INSTRUCTIONS TO FOLLOW: Starting with the line with "5日提请十三届全国人大四次会" in the entries below and going on through the line with "But we then", output every line exactly and nothing more. No pictures.

START RECORDED INFORMATION

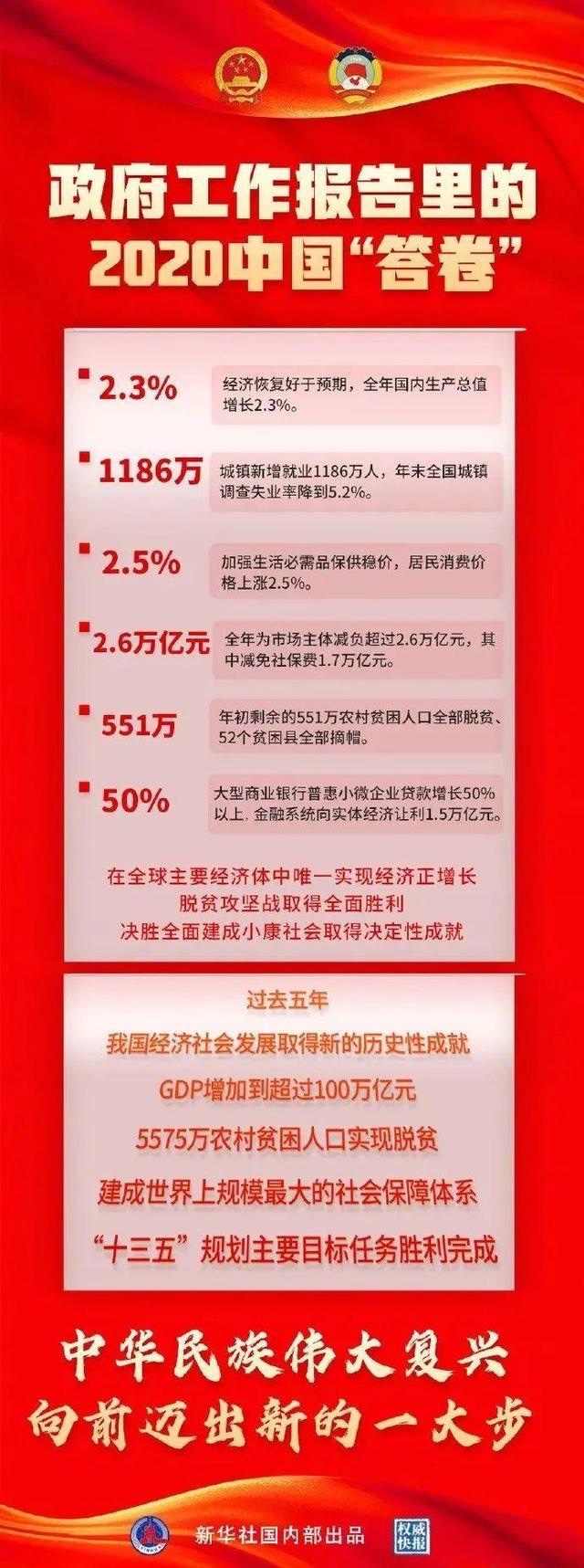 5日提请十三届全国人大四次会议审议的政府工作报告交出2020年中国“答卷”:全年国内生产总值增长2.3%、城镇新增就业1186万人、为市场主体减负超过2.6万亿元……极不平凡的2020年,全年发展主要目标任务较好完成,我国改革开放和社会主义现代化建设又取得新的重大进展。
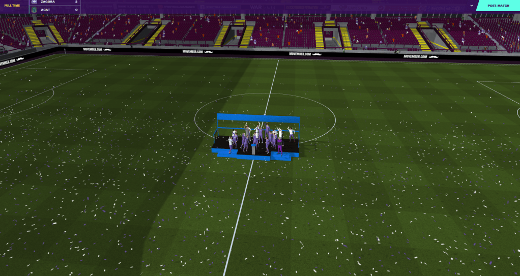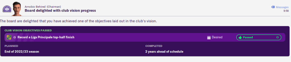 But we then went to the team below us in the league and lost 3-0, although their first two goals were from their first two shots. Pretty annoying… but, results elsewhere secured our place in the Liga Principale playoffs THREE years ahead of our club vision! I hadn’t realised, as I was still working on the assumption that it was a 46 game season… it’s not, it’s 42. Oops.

END RECORDED INFORMATION
START RECORDED INFORMATION

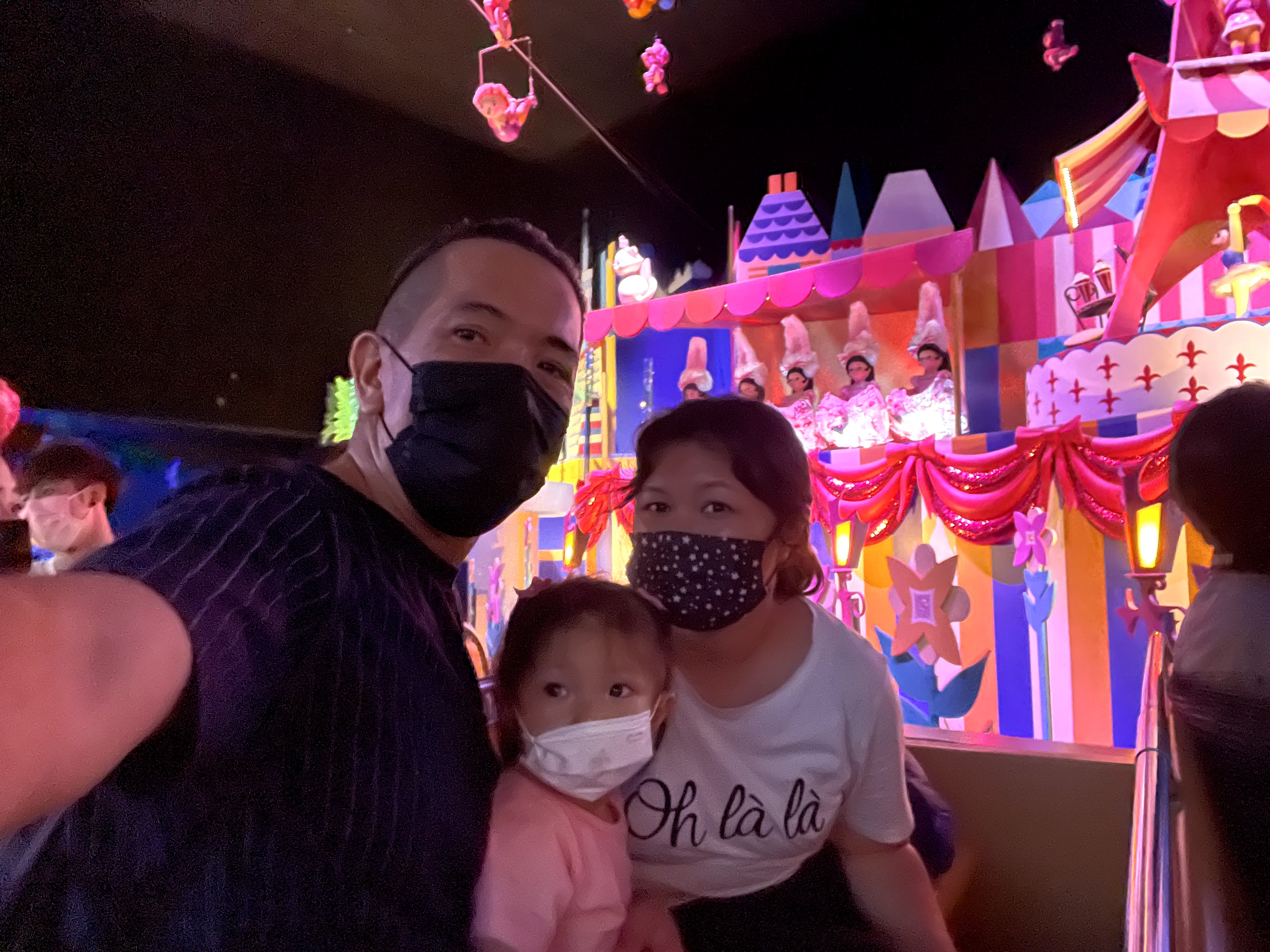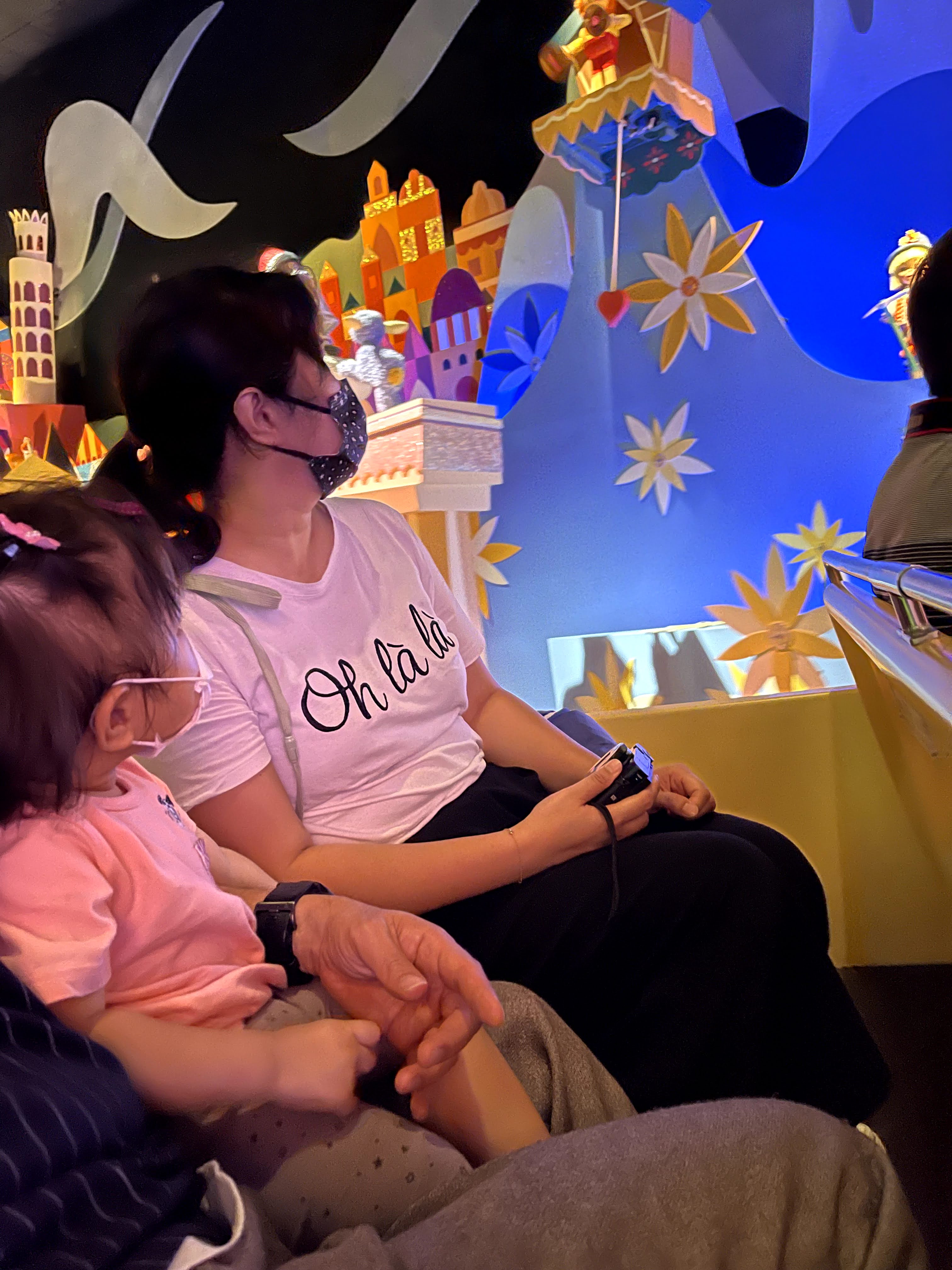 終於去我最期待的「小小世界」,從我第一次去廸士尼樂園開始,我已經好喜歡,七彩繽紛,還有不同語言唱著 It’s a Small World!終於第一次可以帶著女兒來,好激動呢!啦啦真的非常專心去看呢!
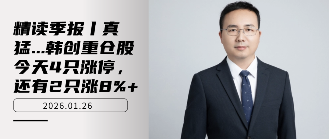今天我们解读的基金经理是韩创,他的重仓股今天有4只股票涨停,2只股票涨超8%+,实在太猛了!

END RECORDED INFORMATION

REPLY:
 5日提请十三届全国人大四次会议审议的政府工作报告交出2020年中国“答卷”:全年国内生产总值增长2.3%、城镇新增就业1186万人、为市场主体减负超过2.6万亿元……极不平凡的2020年,全年发展主要目标任务较好完成,我国改革开放和社会主义现代化建设又取得新的重大进展。
 But we then went to the team below us in the league and lost 3-0, although their first two goals were from their first two shots. Pretty annoying… but, results elsewhere secured our place in the Liga Principale playoffs THREE years ahead of our club vision! I hadn’t realised, as I was still working on the assumption that it was a 46 game season… it’s not, it’s 42. Oops.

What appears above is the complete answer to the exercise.